It's funny, because I've used a lot of ghost lights to just create that ambient light so my renders look bright enough on Android. But they're really buggy and obsolete at this point, and they seem to bump up the render times by like an hour. I said 'fuck it' and deleted all the ghost lights and all of the sudden the ceiling lights in the environment showed their actual luminosity, which looked like stepping into the light when you die. Those lights didn't even appear to be on because the presence of ghost lights makes that light invisible in the viewport. Once I dialed it back, I had the same effect and I cut an hour off my render time. So far I've learned how much ghost lights hurt more than they help with Daz. Anyhow, now I'm trying out your suggestion. I'll send another when I get it right.
yeah, the material lights always had problems, but daz really broke them for good in 4.16 or 4.18 version or around that time. and the problems get MUCH worse if you have any transparencies in the scene which give just unpredictable behaviour which can't be fixed. like if you had decals with transparency, like a wound projected on the skin, the transparency just flat out stopped being transparent and you got the square edges of the wound opacity map 100% visible regadless of opacity slider. but when you switch material lights off, boom, transparency works again.
also any lights with render-emitter set to 'off' will be visible behind any transparent materials, but I don't think that's just with material lights.
for a while I tried to work around it all, but in the end I just removed all material lights and replaced them with spherical spotlights or rectangle ones, depending on case. like for light shining in from windows I have a window-size rectangle spotlight right in front of the glass (inside the room), where as before I used to have a similar square plane with material emission turned on in the surface tab. and like you said, the spotlights are even much faster to render now so it's another reason to avoid material lights.
I still have SOME material lights left, but only where they're not supposed to illuminate other surfaces, ie. they're set so dim that they look glowing but it's not enough to light up anything that's not super close.
another thing I've noticed is that dark/night renders are now SUPER fast with spotlights, where as material lights make all low-light scenes take forever.
(I should probably mention I have a 3090rtx, so on a non-rtx gpu what's fast or slow might work differently.)
oh, if you have problems with some individual surface looking blindingly bright, the hacky workarounds I've used are 1) changing the diffuse color of the surface to darker (which can make colors dirtier so has limited use), and 2) adding some translucency to the surface even if it's not IRL supposed to have subsurface scattering, but a little translucency seems to have a tendency of 'sucking in' some of the excess light. you just have to be careful it doesn't begin to look waxy, so also of limited use. often the most 'natural darkening' is acieved by adding a little bit of both.

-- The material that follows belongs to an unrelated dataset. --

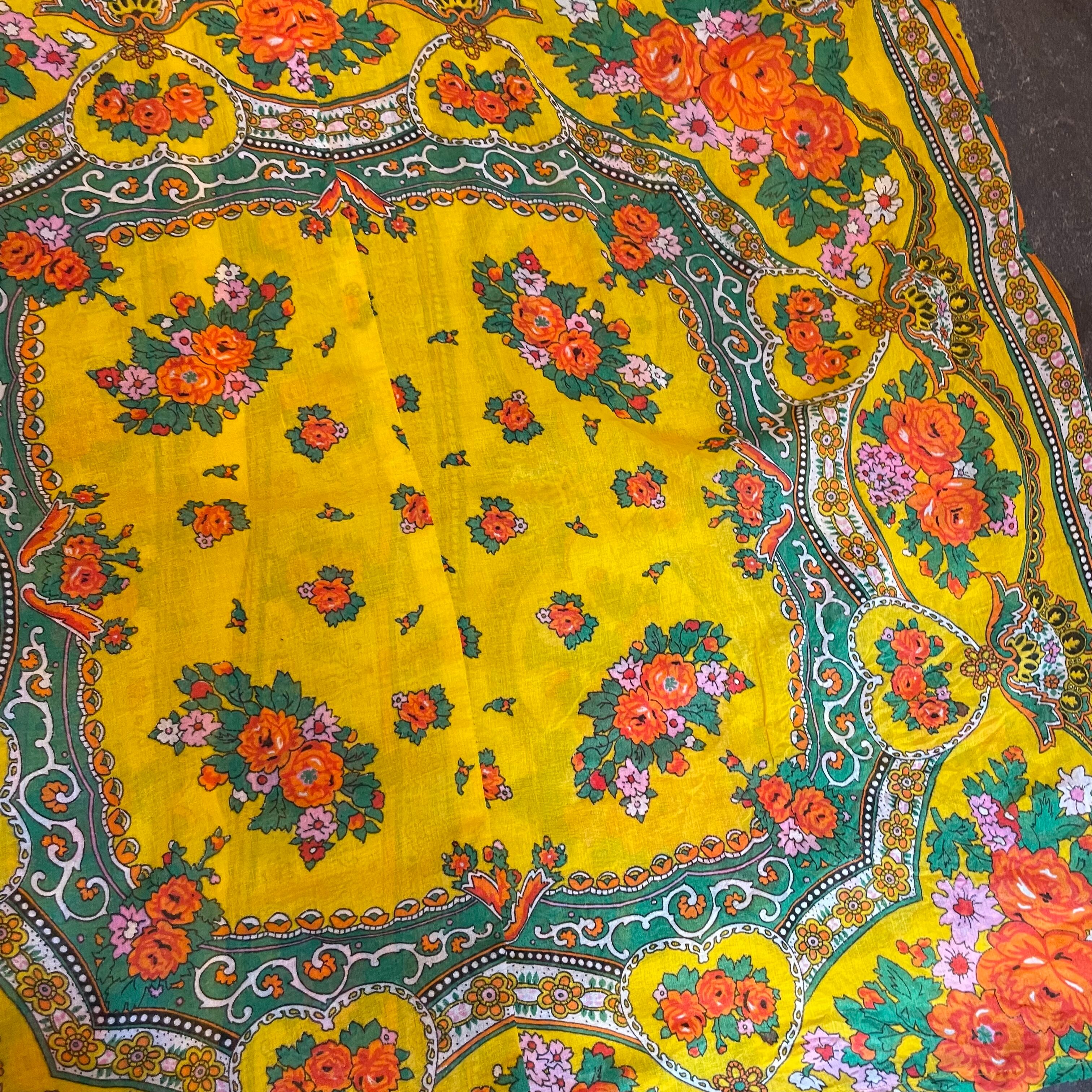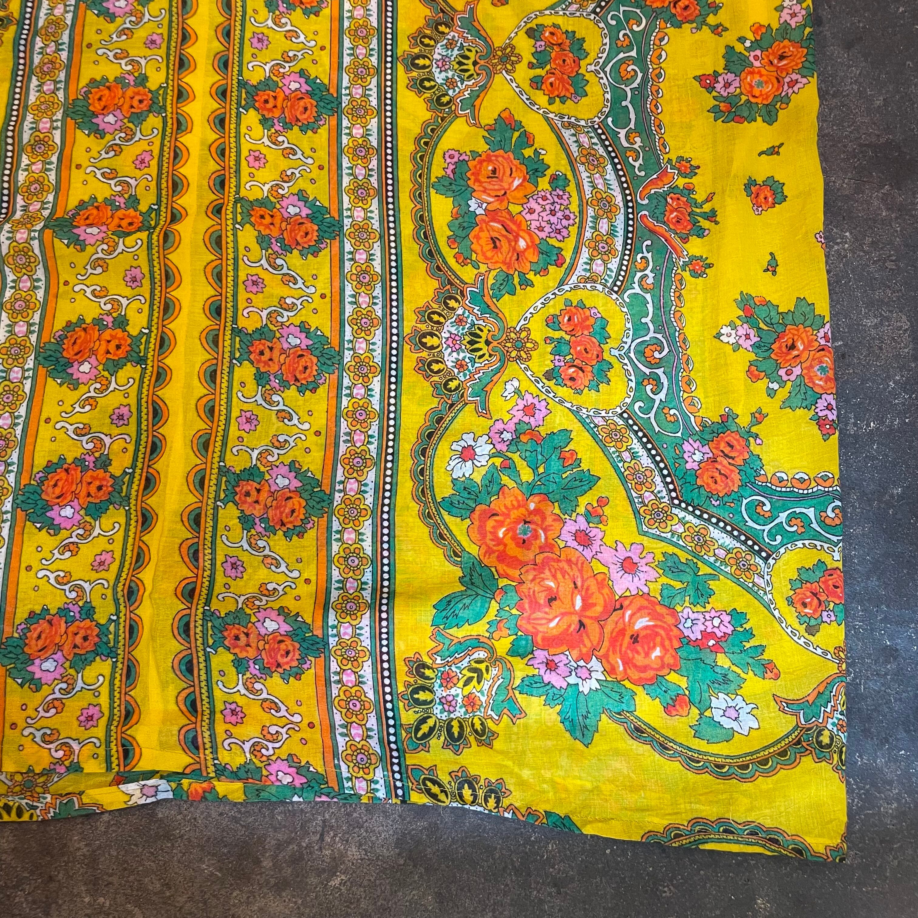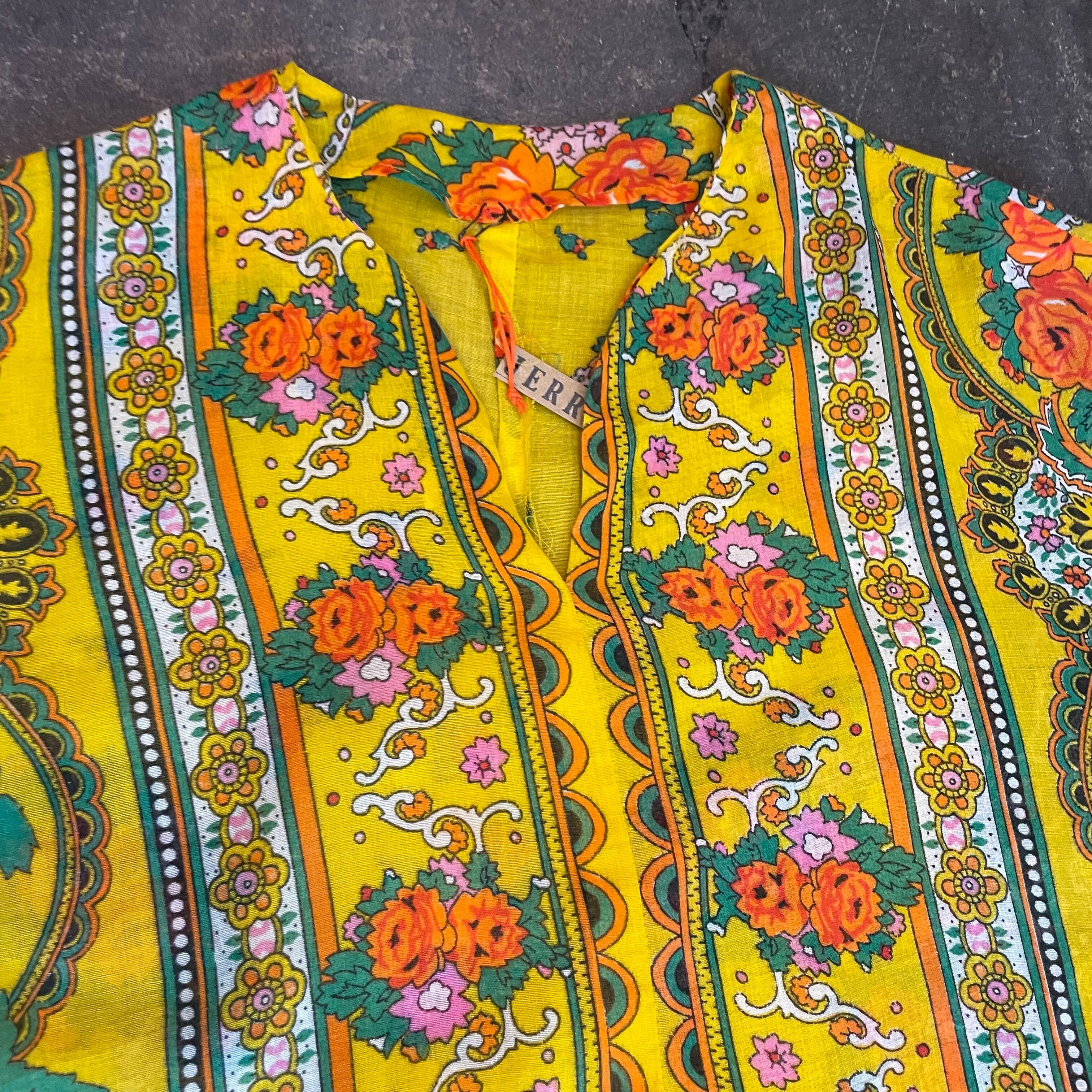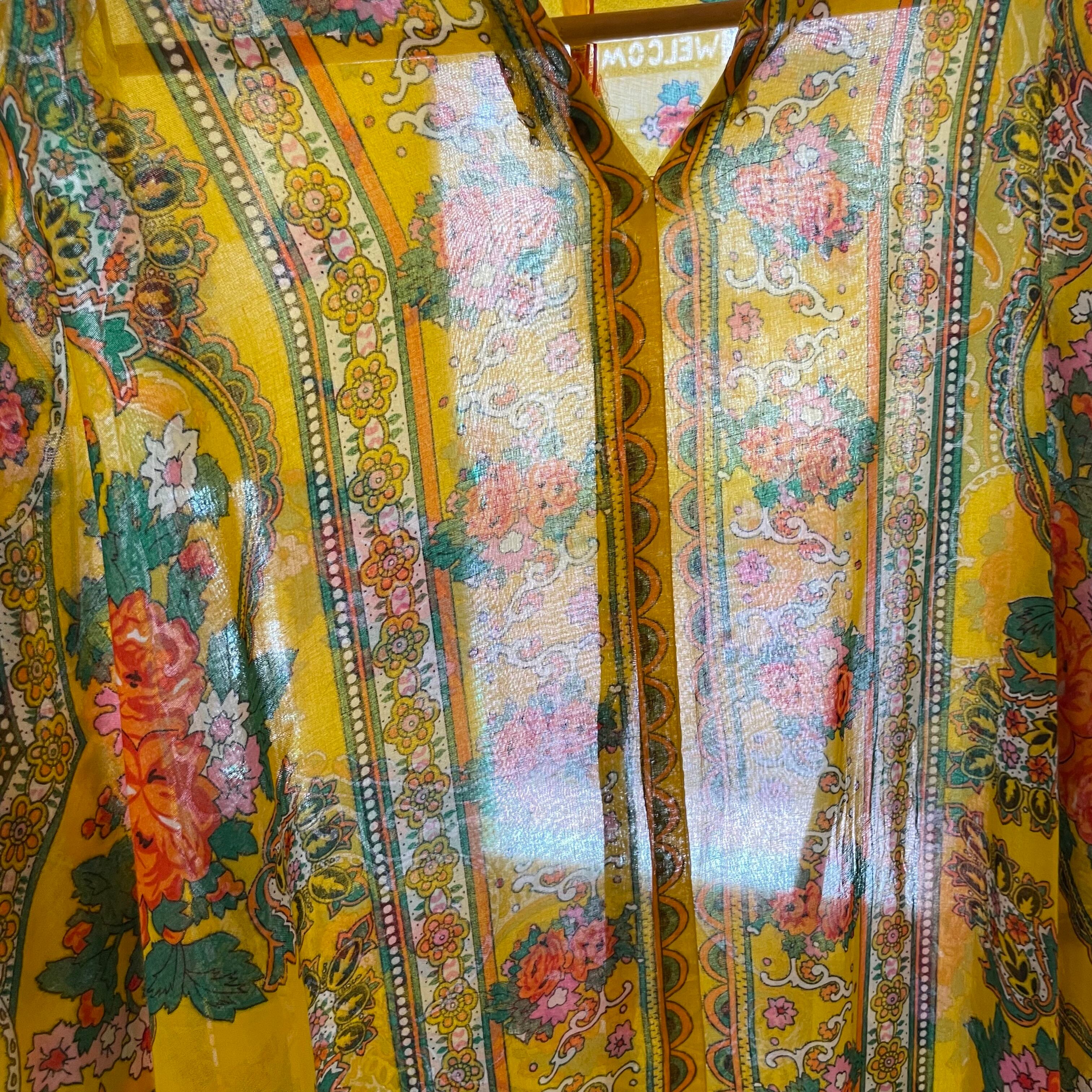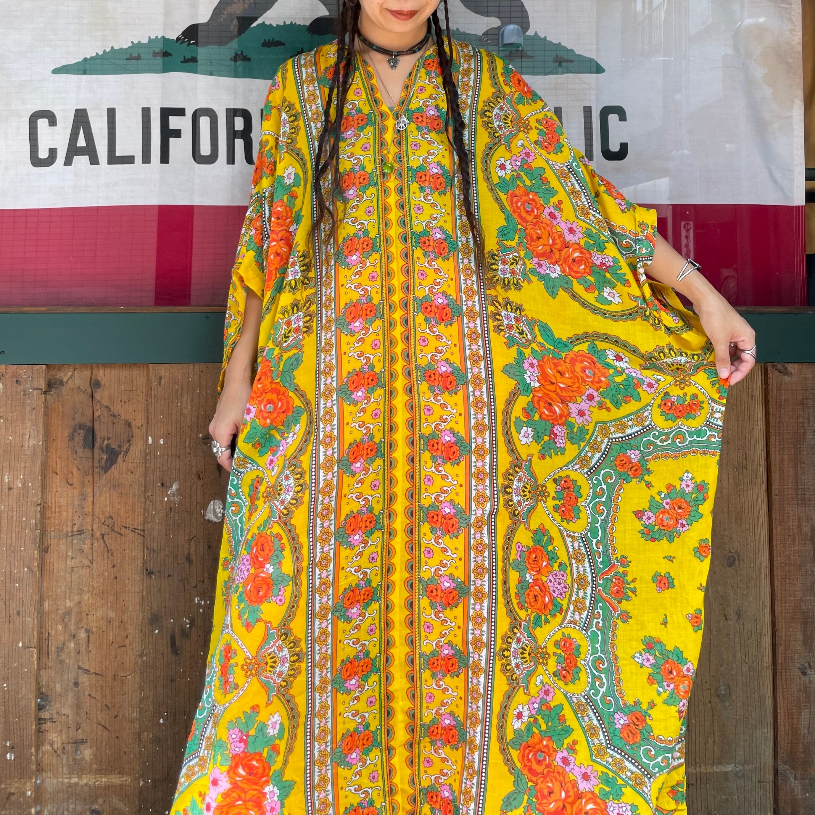ハッピーな黄色に花柄がかわいいポンチョ型のようなワンピースです。袖口はありますが、袖は区切られておらず長方形なデザインです。

also make sure your specular, dual lobe specular, glossy layered weight, top coat weight etc are low or zero if you're having brightness problems. I don't think these are modelled correctly on any shaders I've seen and sometimes they just clearly work wrong and your surface is blinding bright no matter what you do.
also check that the shader is set to specular/glossy and not metallic, as often you can't disable brightness from metallic shaders even if you turn everything to zero. they're simply not meant to work without specularity, so if surface is blindingly bright it can't be turned off.
these hacks also become useful as often making skin look right requires LOT of light (precisely because subsurface scattering sucks more light), which makes all other surfaces blindingly bright. if the skin gets too little light, it usually looks lifeless and sick. this is yet another error in how daz treats lights which we just have to live with.